Like Mexico, I would be preparing for events that only last a couple hours but would be seen by millions the world over. By then I knew that most of the hard and intense work tended to be tightly concentrated into the last few weeks.

In Las Vegas, I had to become a jack-of-all-trades, driving people and supplies around and coordinating transportation, preparing documents for guests, dealing with the hotels, and tackling routine assignments day and night. Despite going on little sleep, precise multitasking is critical to mind all the details at all times. Communication is critical, as words often play an important role. This is especially important when you are dealing with talent. You are at the lower end of the totem pole, running errands and being the messenger, but at the same time knowing that the quality of your work as associate producer will impact the way things turn out (I will admit to making my share of mistakes, but thankfully those who know better admonished me while giving me a chance to learn).

With only a few minutes left till show time, I had to disguise my tiredeness. The “Special Awards Ceremony ” came first. A special reception followed. In fact, the fruits of working these types of events are that they bring together so many influential people, and you eventually get to socialize and learn from them in one-to-one conversations. Some are witty, some are stylish, some are troublesome and some act out their own star status– yet all are from different backgrounds and engaging in their own right. The ceremony turned out to be beautiful, and went without hardly a hitch.

The “Person of the Year Award”, to Juan Gabriel, came later. There were about a thousand invited guests at this event, and some in this industry crowd were already aware that its preparation has taken a toll on the producers. Juan Gabriel’s band alone consisted of more than 30 musicians from Mexico and California. On top of that, there were several singers and celebrities to pay tribute to Juan Gabriel–with their entourages. Regardless, with great talent comes a great show, and Juan Gabriel literally had everybody dancing in their chairs and atop the tables by the end of the night. It was a wonderful celebration of music.

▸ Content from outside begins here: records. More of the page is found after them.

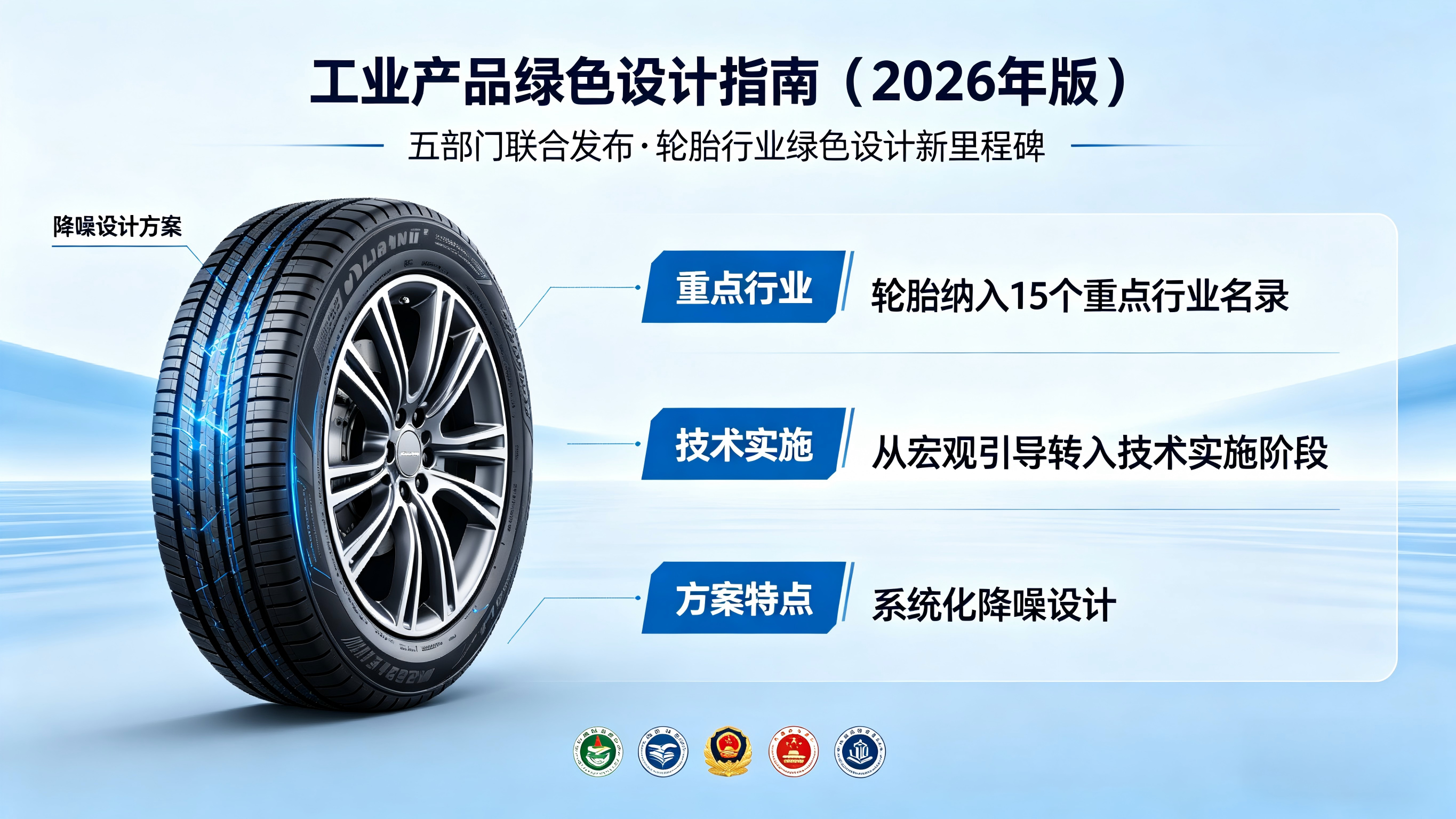 近日,五部门联合发布《工业产品绿色设计指南(2026年版)》,首次将轮胎纳入15个重点行业名录,并以轮胎为例在附件中给出系统化降噪设计方案。此举标志着轮胎绿色设计从宏观引导正式转入可操作的技术实施阶段。
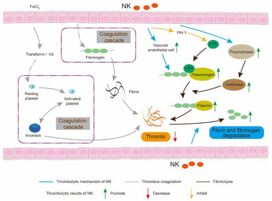 Thrombolytic mechanism of NK. NK not only degrades fibrin or dissolve thrombi directly, but also activates the body’s own thrombolytic system and inhibits its thrombi coagulation.
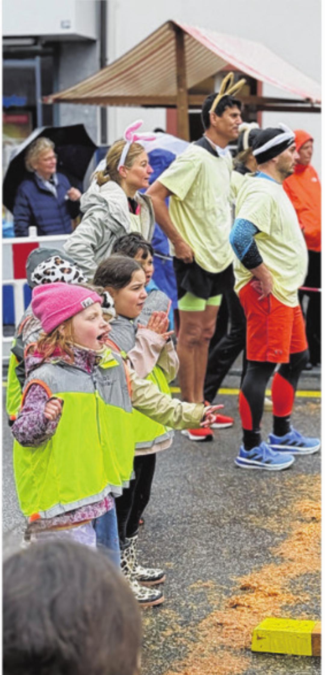 In der Festwirtschaft entlang der Hauptstrasse gibt es Snacks und Getränke. Neben Hotdogs und Bratwürsten werden Spiegeleier serviert. Sehr gefragt sind die Plätze unter dem Dach, wo die Leute gemütlich zusammensitzen. An einem der Verpflegungsstände streichen zwei Helferinnen Eiermasse auf Toastbrot. «Das Grünzeugs will ich aber nicht!», ruft ein hungriger Kunde lachend und zeigt auf die Petersilie, die sich aufs Brot verirrt hat. Derweil füllt sich die Hauptstrasse langsam aber sicher mit Publikum. Alle Alter sind vertreten. Regenschirme und Kapuzen dominieren das Bild. Es sind weniger Leute als letztes Jahr. Damals lockte das milde Wetter schon vor dem Start viele Leute an. Dieses Jahr kommen die meisten direkt auf den Anlass – wetterfest angezogen statt in kurzen Hosen wie vergangenes Jahr.
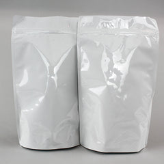 6.69" x 11.0" x 3.5" White/White Stand Up Pouch with ZipSeal and tear notch;
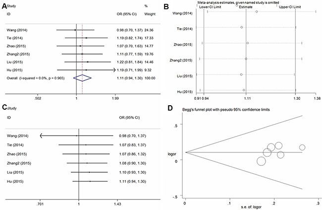 Figure 2: Statistical analysis of the association between the VEGF +936C/T polymorphism and osteosarcoma risk in the CT + TT vs. CC model. (A) ORs and 95% CIs; (B) sensitivity analysis; (C) cumulative analysis; (D) publication bias.
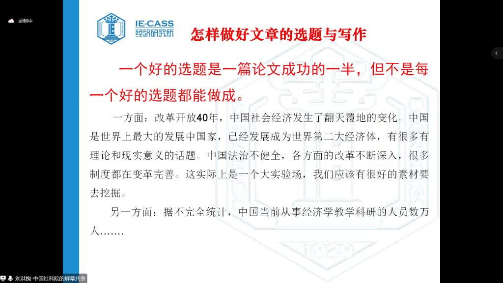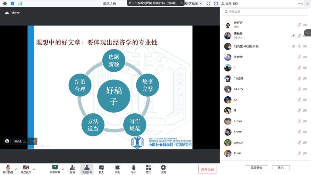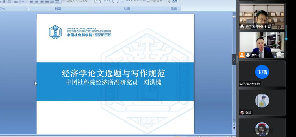 2022年11月3日,应学院邀请,中国社会科学院经济研究所副研究员、《经济学动态》责任编辑刘洪愧通过线上会议为2007so太阳集团师生作了“经济学论文选题与写作规范”的专题报告,院长唐松林主持了会议。
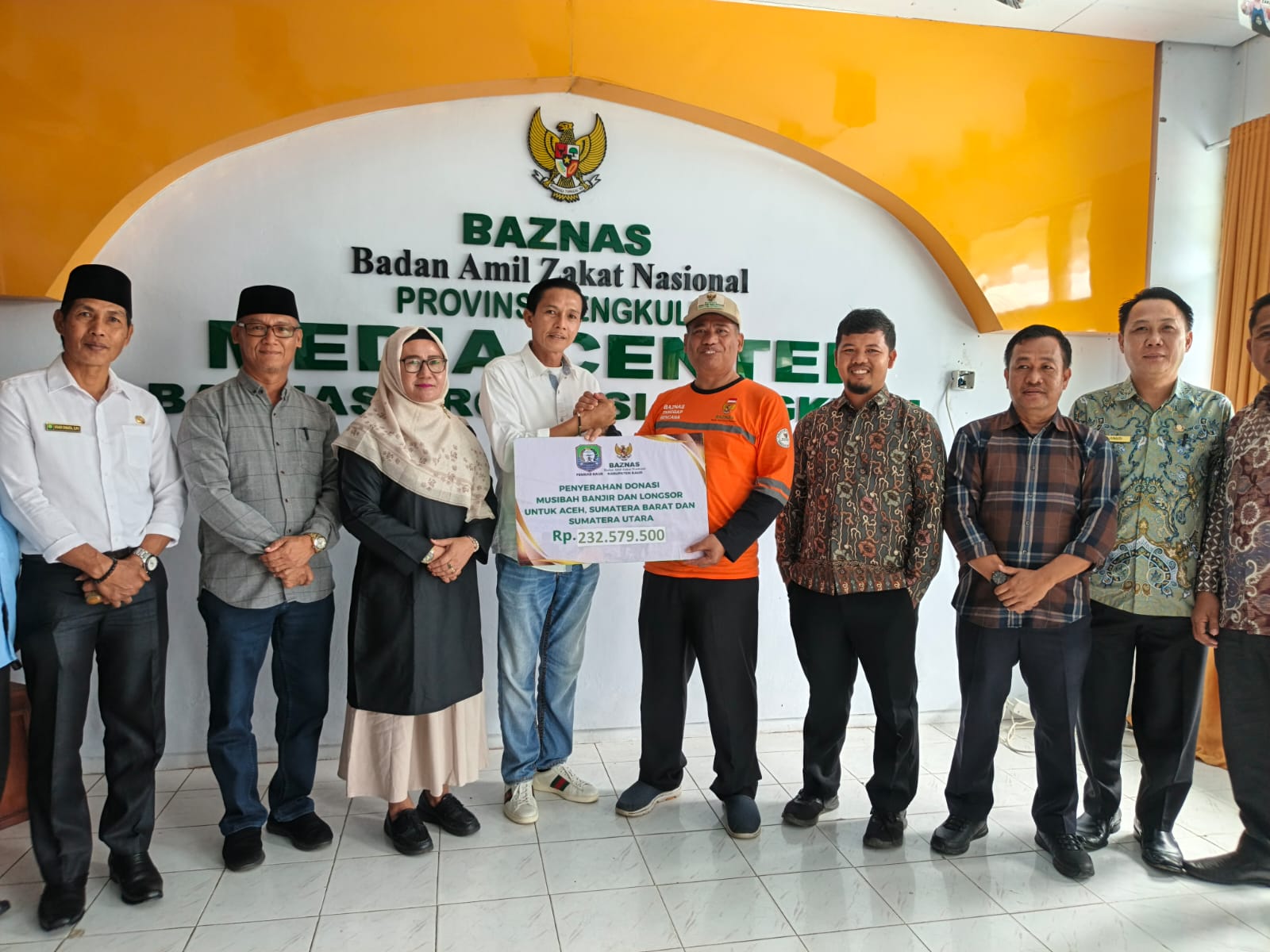 Bupati Kaur menerima bantuan masyarakat dari Baznas Kaur untuk disalurkan ke daerah bencana Sumatera.dok_humas
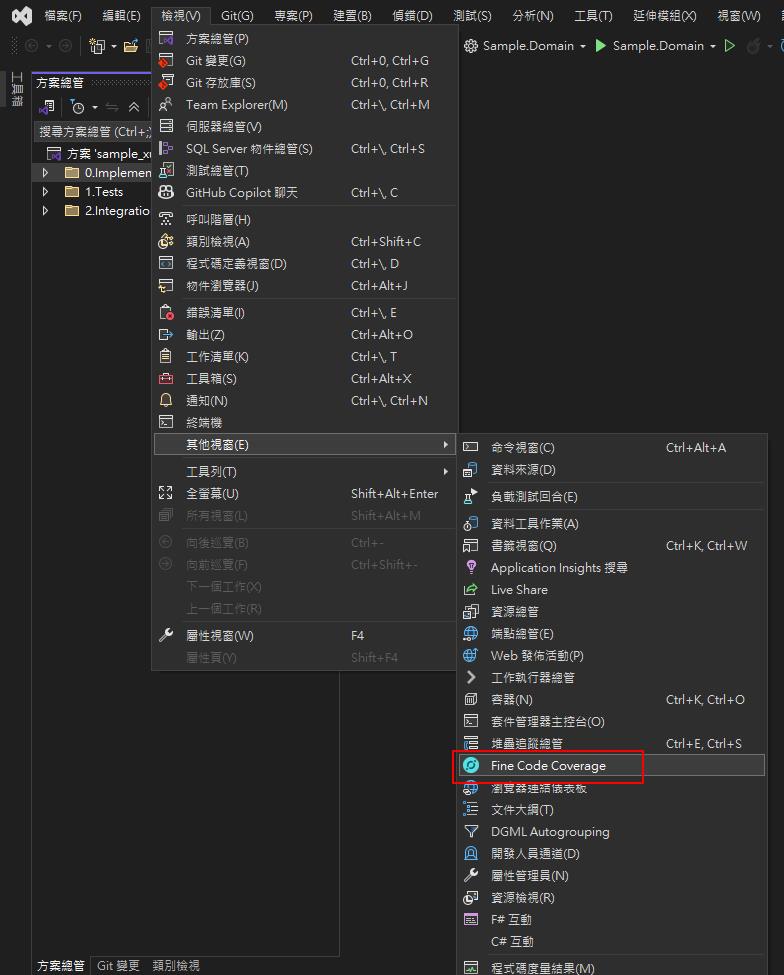 然後在「檢視」→「其他視窗」→「Fine Code Coverage」將 Fine Code Coverage 顯示出來
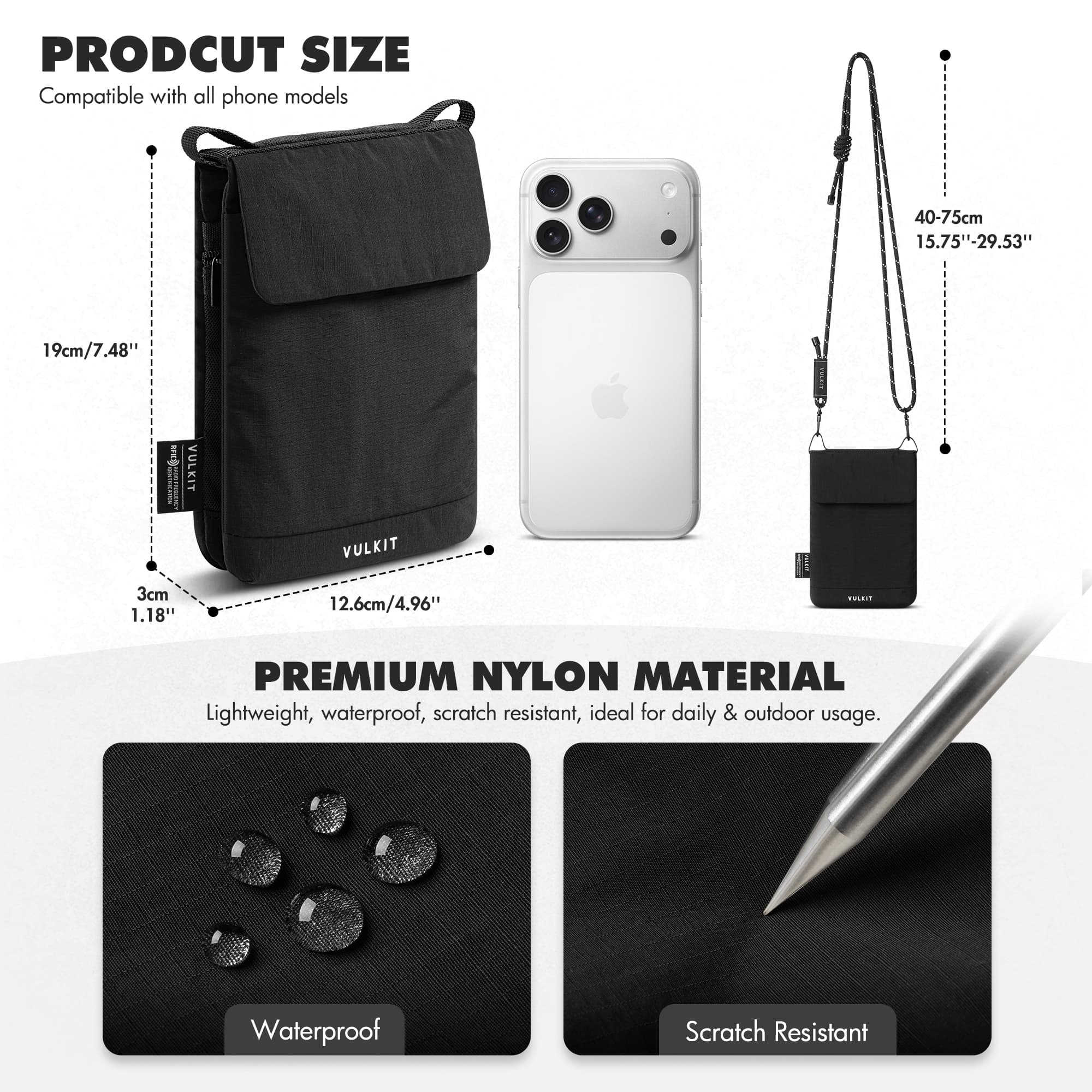 Made from lightweight, waterproof, and scratch-resistant nylon, this VULKIT crossbody sling bag is designed for everyday city carry. Clean lines and a compact silhouette deliver durability without excess.

Last came the “10th Annual Latin Grammys”. I could barely imagine beforehand what the extravagant stage would be like by show time. My job was to aid special guests and artists on the main floor while running errands backstage. At this point, the show was mainly being run by the TV network Univision and its army of personnel.

Things went wild when Juan Gabriel, just named “Person of The Year 2010”, came on-stage to perform. The public thought it was the closing numbers, and he played on to a rapturous audience—but quadrupled the allotted TV time! The stage manager tried several times to get him to leave the stage to no avail, and the chaos was registered live on international TV.

For more information on the show, please visit www.latingrammy.com .

******

In “Berklee Canta En Español” I was my own boss, taking decisions as Executive Producer that impacted the core and the course of the project. At the Latin Grammys I collaborated in a supportive capacity. Yet, I always relied on a team of people. My advice is to surround yourself with those who are better than you and who can teach you. There is always someone willing to give you a chance.

As a producer you will have to pay attention to detail, show persistence, and brainstorm pitfalls ahead of time. Good time management and organizational skills will always be key, so that if plan A doesn’t work, plans B or C can. Above all, be prepared to learn, listen to others, be on a budget, and to experiment and take the initiative—and always get out of the way if you are not needed.